• Prompt
Start at the line in the entries below that contains "- Extend Dual/Triple", stop at the line that contains "为探索聚氨酯材料的应用潜力,基于上述研究", and output exactly the lines in that span, both ends included.

Supplied entries Block Start

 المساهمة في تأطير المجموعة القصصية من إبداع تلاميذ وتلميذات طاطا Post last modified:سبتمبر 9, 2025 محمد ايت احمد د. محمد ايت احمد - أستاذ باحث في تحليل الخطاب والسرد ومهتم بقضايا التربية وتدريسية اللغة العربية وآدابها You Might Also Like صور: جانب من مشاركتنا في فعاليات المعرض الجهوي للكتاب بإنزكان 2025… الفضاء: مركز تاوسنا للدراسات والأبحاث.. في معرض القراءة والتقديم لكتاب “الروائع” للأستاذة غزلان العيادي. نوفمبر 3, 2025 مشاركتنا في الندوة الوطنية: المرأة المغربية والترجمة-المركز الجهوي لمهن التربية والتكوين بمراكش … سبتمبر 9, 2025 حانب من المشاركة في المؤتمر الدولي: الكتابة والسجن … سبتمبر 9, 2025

Supplied entries Block End
Supplied entries Block Start

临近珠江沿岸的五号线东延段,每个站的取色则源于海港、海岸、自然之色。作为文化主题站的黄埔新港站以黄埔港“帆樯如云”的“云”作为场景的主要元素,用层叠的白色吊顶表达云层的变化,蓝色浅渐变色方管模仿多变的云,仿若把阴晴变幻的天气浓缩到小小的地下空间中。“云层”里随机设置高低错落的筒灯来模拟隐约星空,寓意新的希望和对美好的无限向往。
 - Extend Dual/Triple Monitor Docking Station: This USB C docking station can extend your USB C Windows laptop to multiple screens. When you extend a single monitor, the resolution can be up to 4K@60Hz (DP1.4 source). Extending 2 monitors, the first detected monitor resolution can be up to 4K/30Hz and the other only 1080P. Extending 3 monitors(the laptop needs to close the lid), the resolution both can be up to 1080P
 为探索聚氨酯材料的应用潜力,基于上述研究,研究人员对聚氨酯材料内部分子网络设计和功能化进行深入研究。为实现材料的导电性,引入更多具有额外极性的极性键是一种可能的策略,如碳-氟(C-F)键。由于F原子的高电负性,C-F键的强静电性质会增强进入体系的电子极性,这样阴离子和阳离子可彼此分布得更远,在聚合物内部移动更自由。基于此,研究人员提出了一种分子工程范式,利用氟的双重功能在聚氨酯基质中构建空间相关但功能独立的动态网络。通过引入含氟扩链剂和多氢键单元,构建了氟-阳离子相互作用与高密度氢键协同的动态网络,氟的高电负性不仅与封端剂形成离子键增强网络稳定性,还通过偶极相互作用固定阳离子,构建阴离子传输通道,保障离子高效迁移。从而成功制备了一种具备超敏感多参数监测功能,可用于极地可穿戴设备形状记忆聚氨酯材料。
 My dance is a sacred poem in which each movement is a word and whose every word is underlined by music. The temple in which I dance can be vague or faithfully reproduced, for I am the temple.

Supplied entries Block End

• Reply to the task
 - Extend Dual/Triple Monitor Docking Station: This USB C docking station can extend your USB C Windows laptop to multiple screens. When you extend a single monitor, the resolution can be up to 4K@60Hz (DP1.4 source). Extending 2 monitors, the first detected monitor resolution can be up to 4K/30Hz and the other only 1080P. Extending 3 monitors(the laptop needs to close the lid), the resolution both can be up to 1080P
 为探索聚氨酯材料的应用潜力,基于上述研究,研究人员对聚氨酯材料内部分子网络设计和功能化进行深入研究。为实现材料的导电性,引入更多具有额外极性的极性键是一种可能的策略,如碳-氟(C-F)键。由于F原子的高电负性,C-F键的强静电性质会增强进入体系的电子极性,这样阴离子和阳离子可彼此分布得更远,在聚合物内部移动更自由。基于此,研究人员提出了一种分子工程范式,利用氟的双重功能在聚氨酯基质中构建空间相关但功能独立的动态网络。通过引入含氟扩链剂和多氢键单元,构建了氟-阳离子相互作用与高密度氢键协同的动态网络,氟的高电负性不仅与封端剂形成离子键增强网络稳定性,还通过偶极相互作用固定阳离子,构建阴离子传输通道,保障离子高效迁移。从而成功制备了一种具备超敏感多参数监测功能,可用于极地可穿戴设备形状记忆聚氨酯材料。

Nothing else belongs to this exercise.